Formulation, physicochemical characterization and stability study of lithium-loaded microemulsion system.

Lithium biocompatible microemulsion based on Peceol(®), lecithin, ethanol and water was studied in attempt to identify the optimal compositions in term of drug content, physicochemical properties and stability. Lithium solubilization in microemulsion was found to be compatible with a drug-surfactant binding model. Lithium ions were predominantly solubilized within lecithin head group altering significantly the interfacial properties of the system. Pseudo-ternary phase diagrams of drug free and drug loaded microemulsions were built at constant ethanol/lecithin weight ratio (40/60). Lithium loaded microemulsion has totally disappeared in the Peceol(®) rich part of phase diagram; critical fractions of lecithin and ethanol were required for the formation of stable microemulsion. The effect of lithium concentration on the properties and physical stability of microemulsions were studied using microscopy, Karl Fischer titrations, rheology analyses, conductivity measurements and centrifugation tests. The investigated microemulsions were found to be stable under accelerated storage conditions. The systems exhibited low viscosity and behaved as Newtonian fluid and no structural transition was shown.
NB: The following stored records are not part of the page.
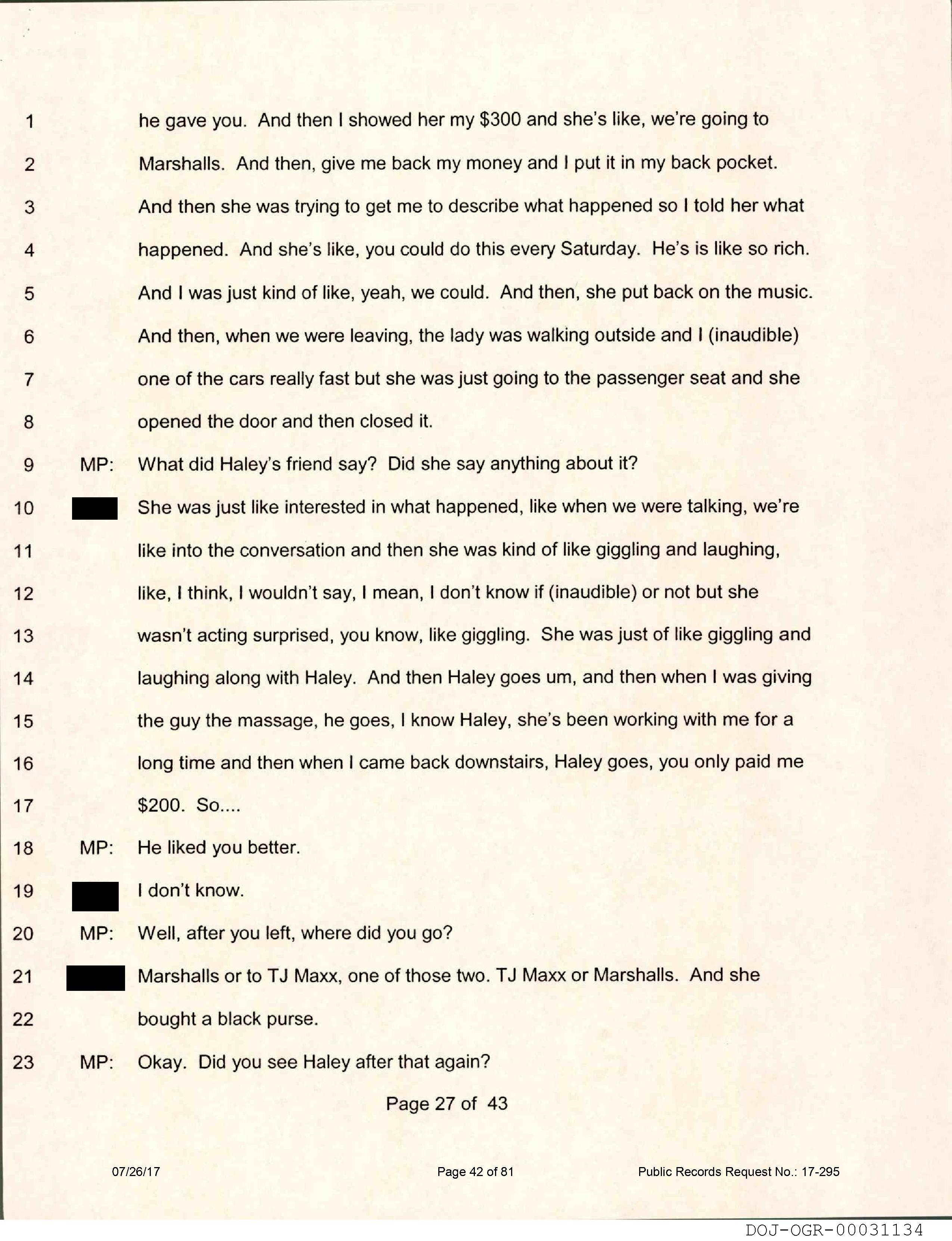 The image displays a document with handwritten text that appears to be notes from an interview or conversation. There are sections of the text highlighted with lines drawn through them, indicating certain parts have been crossed out or deemed less important. The page number, "27," is visible at the bottom right corner, suggesting this is part of a larger document or notebook. The paper has a yellowish tint, which might be due to age or lighting conditions when the photo was taken.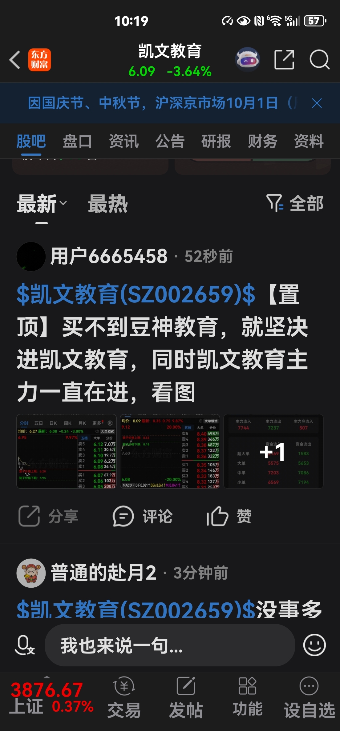 $新大正(SZ002968)$ $豆神教育(SZ300010)$ (置顶)买不到豆神教育,必须抢进凯文教育,凯文教育主力进了三天,虽然今天跌
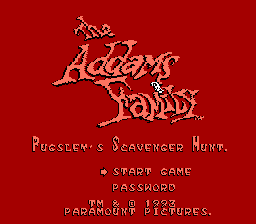 The Addams Family: Pugsley's Scavenger Hunt is a side-scrolling platformer based on the second animated TV series The Addams Family (1992). The entire Addams family is being held captive by various monsters throughout the mansion, and Pugsley needs to rescue them. They are hidden in various parts of the mansion, e.g. the forest, which can be accessed in any order. The gameplay follows the usual platforming standards: Pugsley moves from left to right while jumping a lot and avoiding enemies.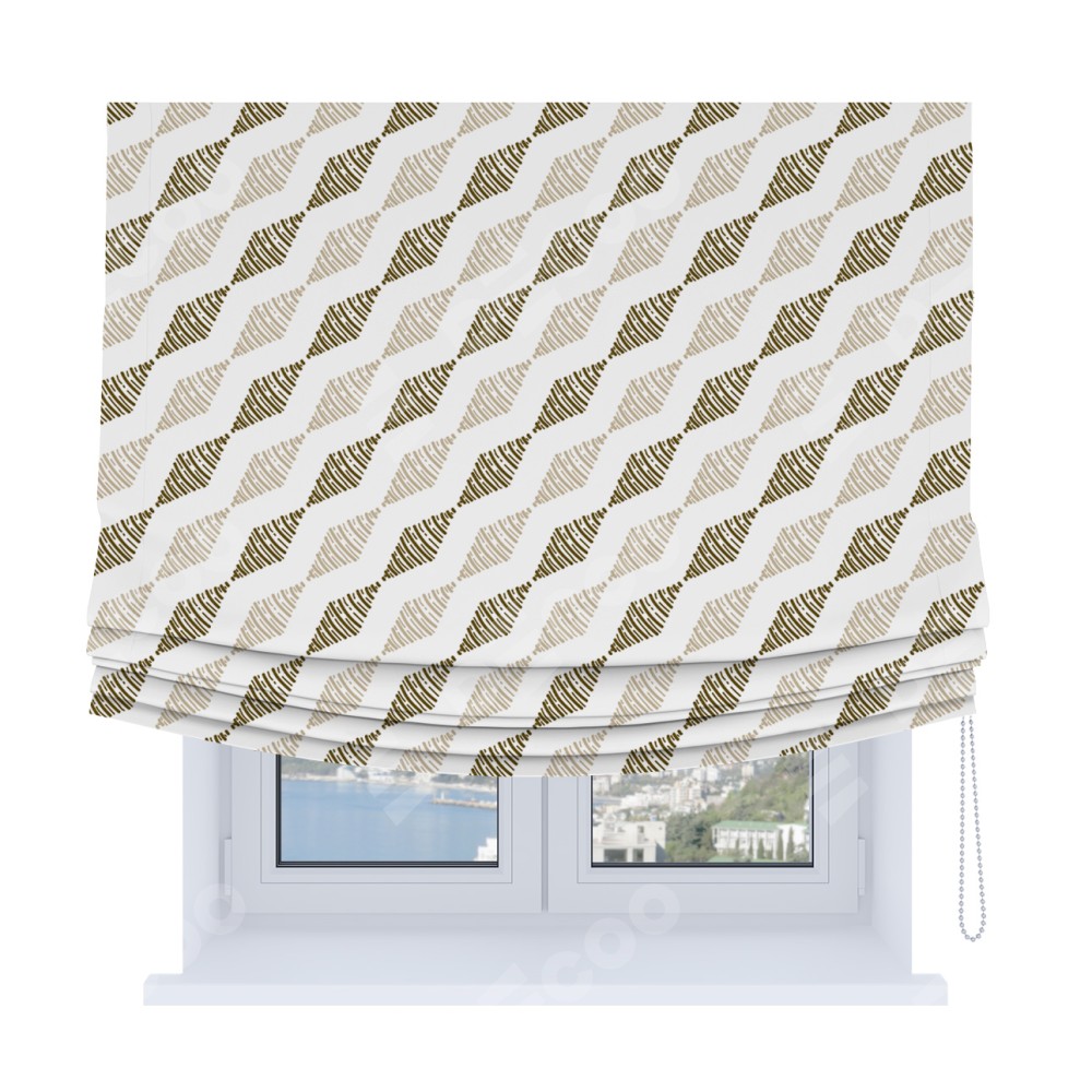 Римская штора Soft производителя «Cortin», используется для проёма, пошита из ткани блэкаут с нанесением сублимационной печати «Диагональные ромбы». Имеет универсальный механизм и подходит для монтажа: на потолок, на стену и в нишу. В отличие от стандартных римских штор, римская штора Soft не имеет горизонтальных вставок и нижнего отвеса. Это позволяет ткани произвольно драпироваться в свободные мягкие складки.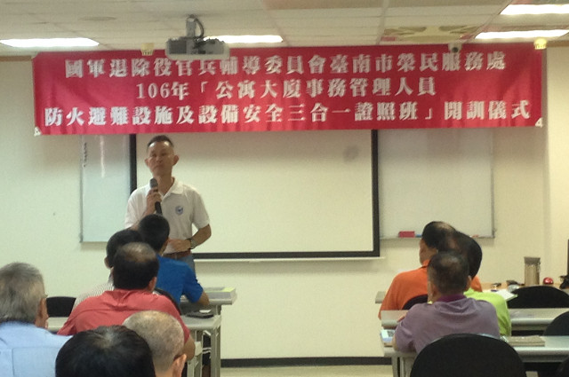 【記者于郁金/臺南報導】為鼓勵待業榮民或榮眷學習一技之長,提高技術水準,臺南市榮民服務處辦理106年職業訓練「公寓大廈事務管理員、防火避難設施及設備安全證照班」,於106年9月23日假社團法人中華民國華夏物業管理協會舉行課程開訓典禮,讓學員參加職訓的過程中,除了習得所需專業知識與技能外,透過此次參與就業訓練課程,於訓後得以順利就業。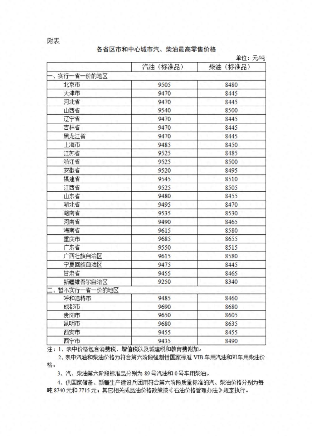 附:各省区市和中心城市汽、柴油最高零售价格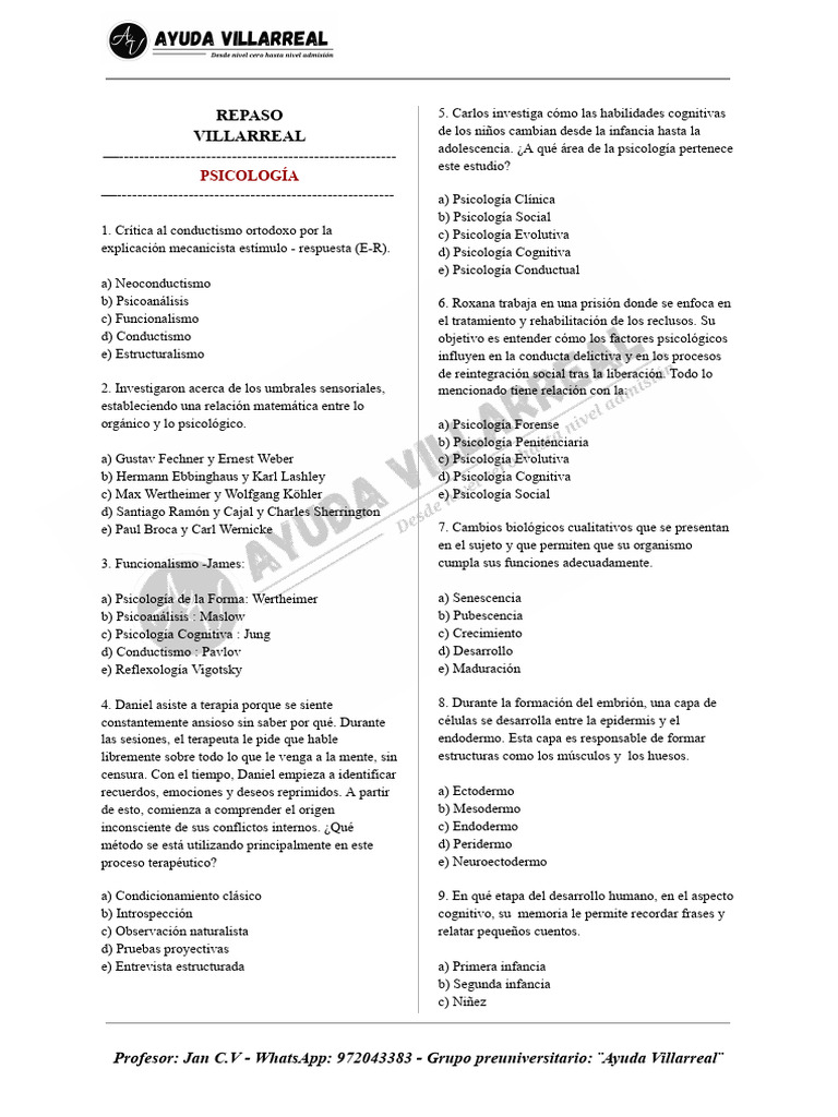 Profesor: Jan C.V - WhatsApp: 972043383 - Grupo preuniversitario: ¨Ayuda Villarreal¨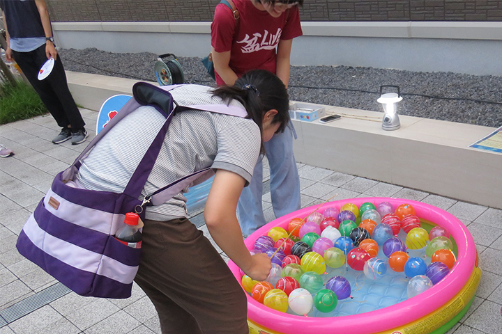 According to the festival concept of dropping in, a large variety of booths were opened such as yukata, a casual version of the kimono, dressing service for female international students, water balloon fishing and Katanuki (cutting specified shape out of a flat cracker), struck-out, experience of Origami (paper folding) and round paper fan decorations guided by the staff members of 'Ask Us Desk' of the university. Moreover, some festival participants had an excellent time to enjoy the summer in Japan, joining in the circle formation of Bon dance following shouts of the university's T-ACT group 'Bon LIVE'.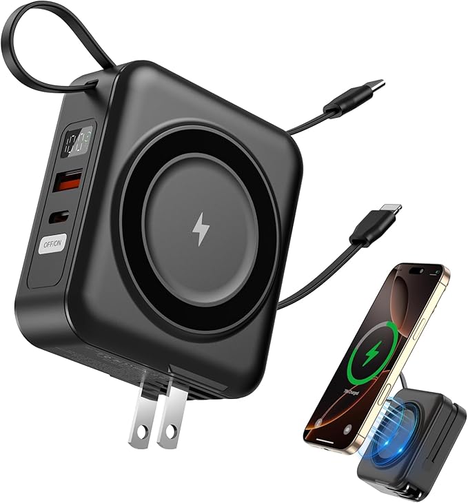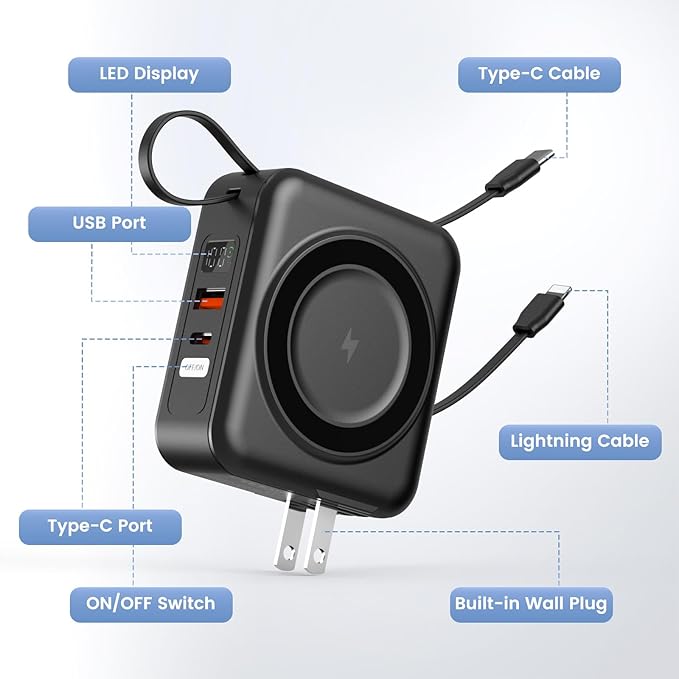 - 【15W Fast Wireless & 22.5W Wired Fast Charging】 10000mAh magnetic portable charger support 15W wireless fast charging, and 15W USB output port, 15W built-in iOS cable, 22.5W Type-C port and 22.5W built- in Type- C cable, compatible with Samsung, with iPhone, Android phone, AirPods and more devices. Perfect for Work, Travel, or Outdoor, enjoy a high-speed charging experience on the go! (Type C port and Type-C cable support input/output).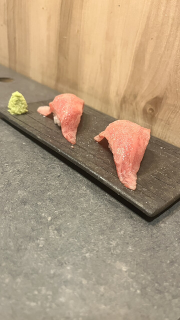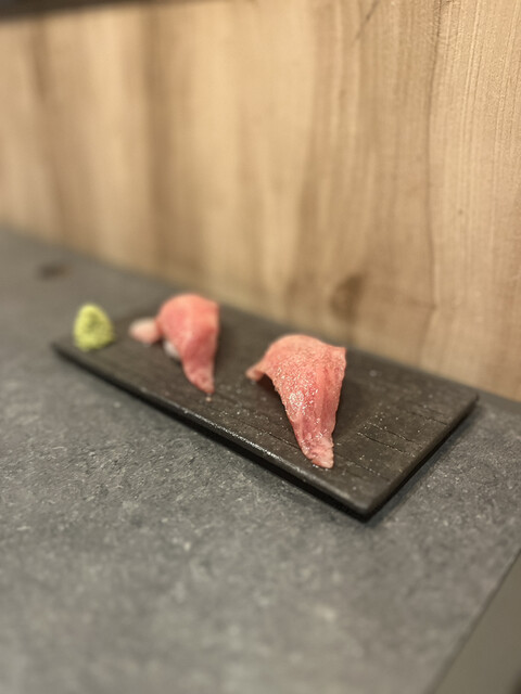 「え、本当に炙ってるの?」と疑いたくなるほどの美しい薄ピンク。お肉の甘さが口の中で溶け、アクセントの塩が全体をキリッと引き締める、計算され尽くした一貫。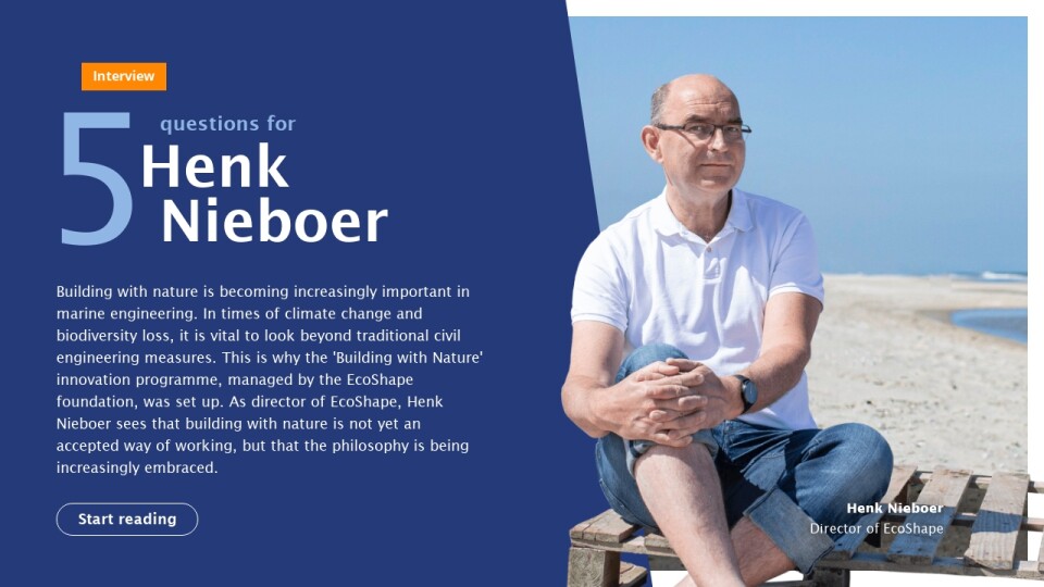 Building with nature is becoming increasingly important in marine engineering. In times of climate change and biodiversity loss, it is vital to look beyond traditional civil engineering measures. This is why the 'Building with Nature' innovation programme, managed by the EcoShape foundation, was set up. As director of EcoShape, Henk Nieboer sees that building with nature is not yet an accepted way of working, but that the philosophy is being increasingly embraced.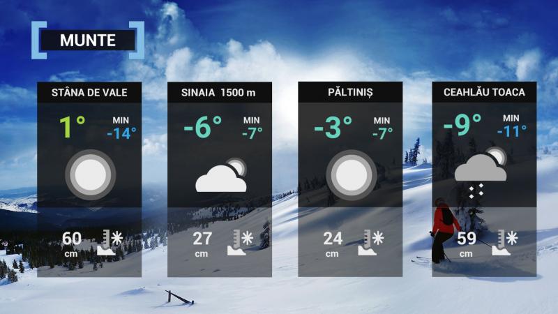 Vremea va fi în general frumoasă, cu valori termice apropiate de cele normale la această dată. Cerul va fi variabil şi vântul va sufla slab şi moderat. Temperatura maximă se va situa în jurul a 4 grade, iar cea minimă va fi de -7...-4 grade. Spre sfârşitul nopţii vor fi condiţii de ceaţă. Presiunea atmosferică va scadea la o valoare uşor superioară celei normale.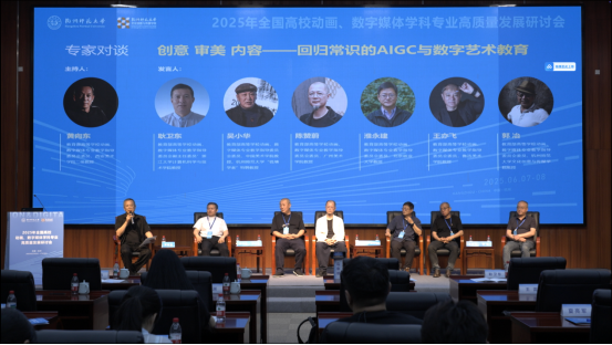 论坛深度聚焦教育链与产业链衔接,推动校企共建“三位一体”育人机制。下午的圆桌论坛分为“专家对谈”与“行业对话”两场,其中“专家对谈”由教育部高等学校动画、数字媒体专业教学指导委员会委员、西安美术学院黄向东教授主持,邀请了六位教育部高等学校动画、数字媒体专业教学指导委员会委员,浙江大学耿卫东教授、中国美术学院吴小华教授、广州美术学院陈赞蔚教授、北京林业大学淮永建教授、鲁迅美术学院王亦飞教授、日本无码a片 郭冶教授,他们围绕“创意、审美、内容——回归常识的AIGC与数字艺术教育”展开对话并形成了共识,讨论反思了AI生成作品的评估标准、学生就业方向等现实问题,提出以“人机共生”理念推动学科与产业的双向突破,呼吁教育回归人文内核,避免技术异化创作。
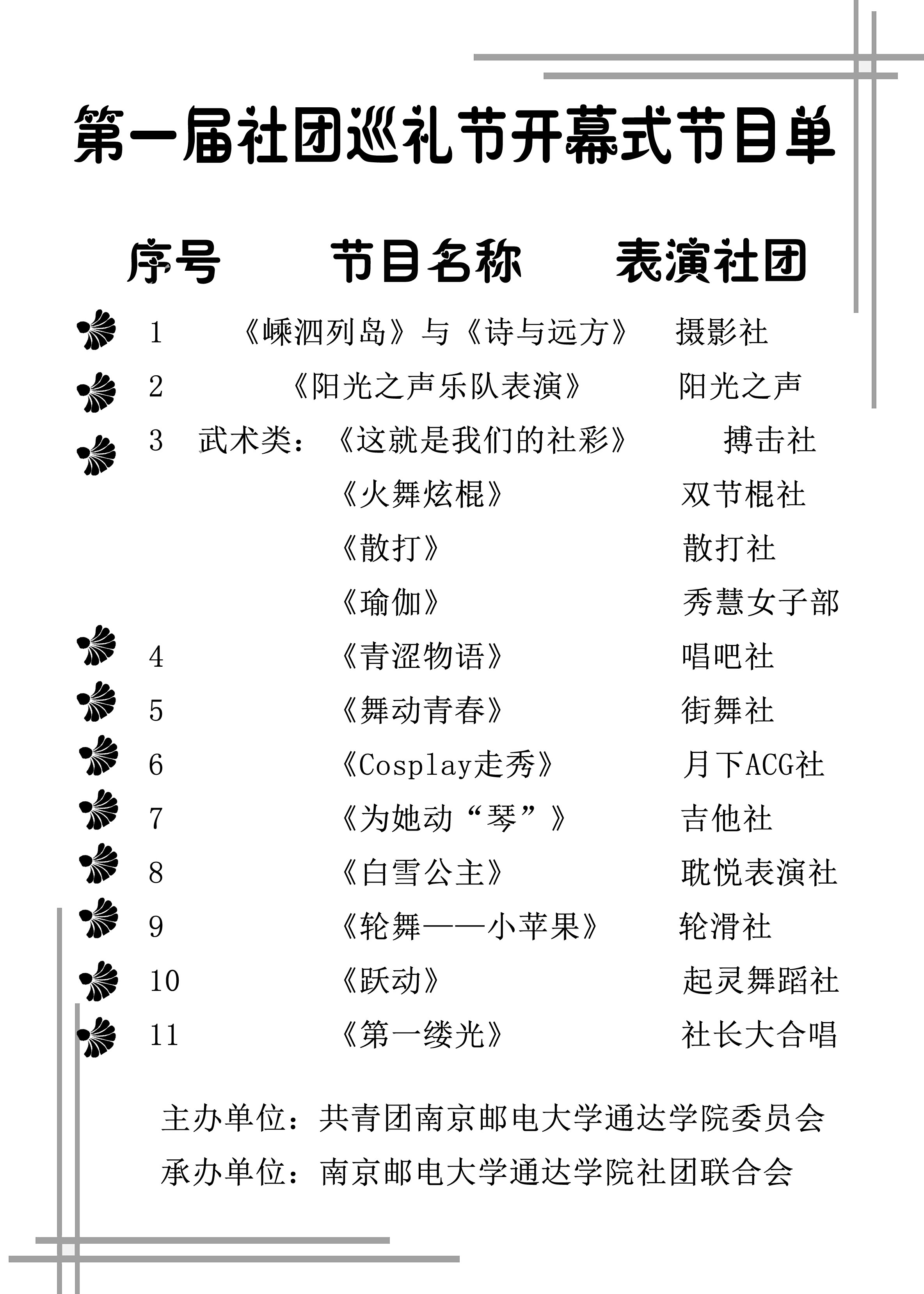 附:《第一届社团巡礼节开幕式节目单》

Development of pharmaceutical clear gel based on Peceol®, lecithin, ethanol and water: Physicochemical characterization and stability study.

The phase behavior of the four-components Peceol®/lecithin/ethanol/water system has been studied in a part of the phase diagram poor in water and varying the lecithin/Peceol® ratio. Using several complementary techniques such as Karl Fischer titration, rheology, polarized microscopy and SAXS measurements several nanostructures of the complex systems were identified. W/O microemulsion (L2) as well as an inverted hexagonal (H2) liquid-crystal phase were studied. The analysis of the different phase transitions allows us to understand the effect of lecithin on the water solubilization efficiency of this clear gel and to show its pharmaceutical interest among lecithin organogels.

Water solubilization capacity of pharmaceutical microemulsions based on Peceol®, lecithin and ethanol.

Biocompatible microemulsions composed of Peceol(®), lecithin, ethanol and water developed for encapsulation of hydrophilic drugs were investigated. The binary mixture Peceol(®)/ethanol was studied first. It was shown that the addition of ethanol to pure Peceol(®) has a significant fluidifying and disordering effect on the Peceol(®) supramolecular structure with an enhancement in water solubilization. The water solubilization capacity was improved by adding lecithin as a third component. It was then demonstrated that the ethanol/lecithin weight ratio played an important role in determining the optimal composition in term of water solubilization efficiency, a necessary property for a nutraceutical or pharmaceutical application. The optimal ethanol/lecithin weight ratio in the Peceol(®) rich region was found to be 40/60. Combination different techniques such as SAXS, fluorimetry, rheology and conductivity, we analyzed the water uptake within the microemulsion taking into account the partitioning of ethanol between polar and apolar domains. This ethanol distribution quantified along a water dilution line has a major effect on microemulsion properties.

Phase behavior of reverse microemulsions based on Peceol(®).

The phase diagram of the four component system Peceol®/lecithin/ethanol/water was studied at 25°C and at a fixed fraction of ethanol. It shows an isotropic W/O microemulsion phase, biphasic liquid system and Liquid crystalline phases. The stabilizing effect of lecithin with the fluidifying effect of ethanol on the microemulsion based on long chain glycerides provides an effective combination to solubilize a large amount of water. Some structural transitions in the phase diagram were investigated as a function of water content using conductivity, rheology, Karl Fisher titration, optical microscopy and SAXS measurements. The results show no change in the microstructure of the isotropic liquid upon phase separation in the liquid biphasic area. However, in the water rich region, migration of ethanol to the external aqueous phase at the expense of the saturated microemulsion promotes the formation of liquid crystalline phases. As a function of water content, the structural change to the liquid crystalline phases follows: isotropic phase L2 → Inverted hexagonal phase H2 → Inverted hexagonal H2/lamellar Lα phases.